Ice-T is clearly the best of the kangaroos, though, because he has dreadlocks and just acts like Ice-T as a kangaroo. On the DVD/Blu-Ray commentary track, Talalay says that he refused to take part in the scene where the other kangaroos do a choreographed River Dance type thing together, which is why he spends the scene standing aside looking disgusted at them.

Good move, Ice.

The other big name (but not at that time) is Academy Award nominee Naomi Watts as Tank Girl’s new Water-&-Power-defector friend/mechanic Jet Girl. Young Watts wears limited makeup and nerd glasses to look allegedly mousy, and she gets to use her real accent. It’s not her first role, but it’s early enough that she followed it up with the TV movie BERMUDA TRIANGLE and the DTV sequel CHILDREN OF THE CORN: THE GATHERING.

Also Dawn Robinson from En Vogue plays a hologram (?) dancer instructing Tank Girl how to get dressed at the brothel.

I remember when I saw this in the theater there was a power surge that caused the sound system to turn off and switch to the classical music CD that played between showings. It happened right in the middle of Kesslee’s speech about his evil plan, and it seemed enough like the style of the movie that at first I thought it was an intentional joke.
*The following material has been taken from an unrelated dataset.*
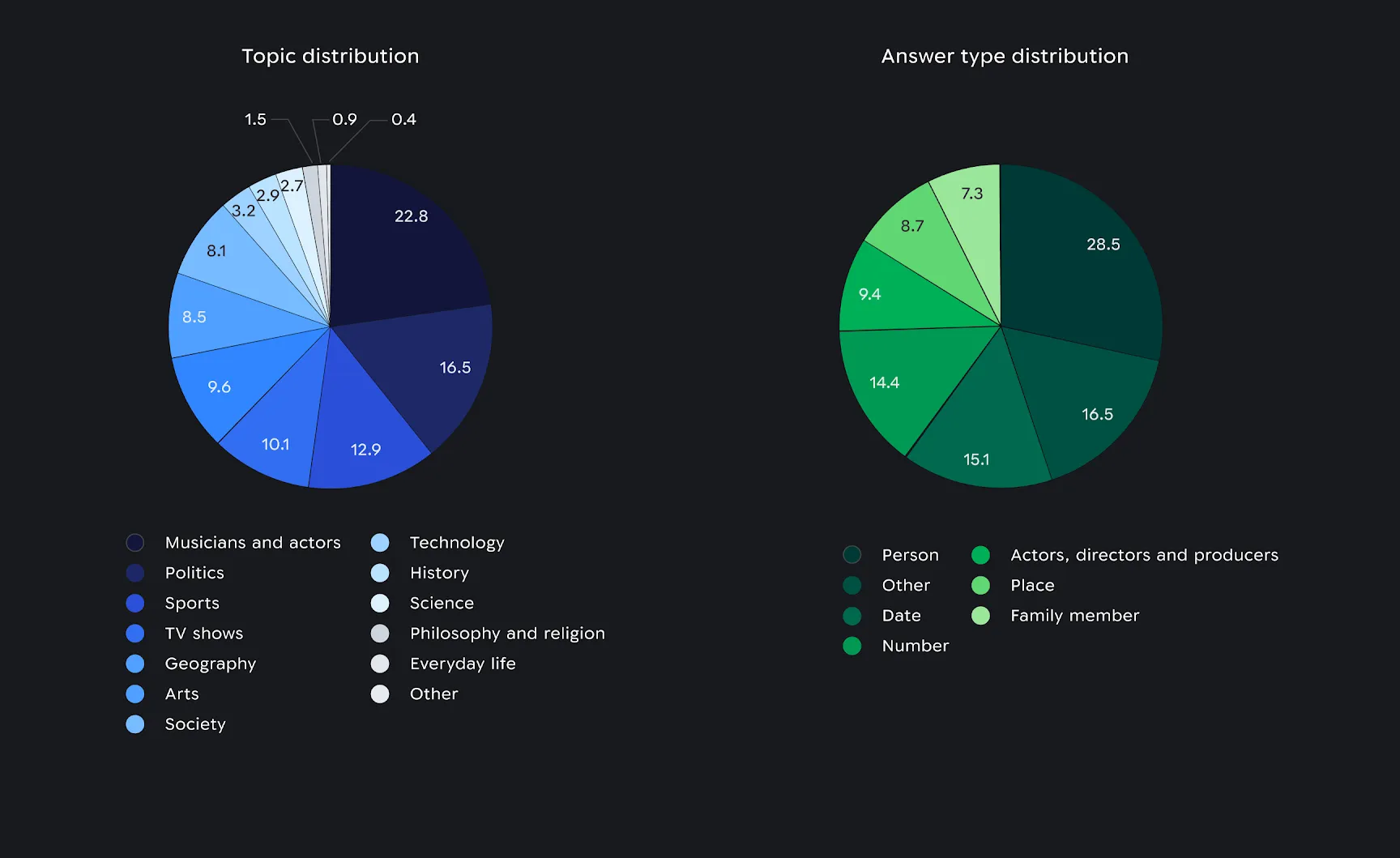Distribution of context domain (left) and distribution of the answer type (right) as a percent of the total set of questions in the Parametric benchmark.

Talalay is constantly cutting in cartoon drawings of the characters and locations, and a couple times goes into full-on animation sequences (done by Colossal Pictures, the same studio that did that for NATURAL BORN KILLERS). On one hand, these techniques give the movie a sort of collage style that is very appropriate, and add an extra level of cartooniness to the exaggerated world of the live action footage. On the other hand, the animated parts are jarring because they look very different and are more just show-offy music video type visuals than pieces of storytelling. And sometimes the Hewlett-drawn establishing shots make it seem cheap, like they couldn’t afford to build her actual house, even though they then cut to a huge, elaborate set.

In a 2008 interview with Mark Kermode in The Guardian, Hewlett said that “key bits of the movie just got missed – they simply forgot to film things. So we had to draw loads of establishing shots of buildings. And then they had two endings, that were both shit, and I seem to remember that there was an animated ending. Was that in the finished film …?'”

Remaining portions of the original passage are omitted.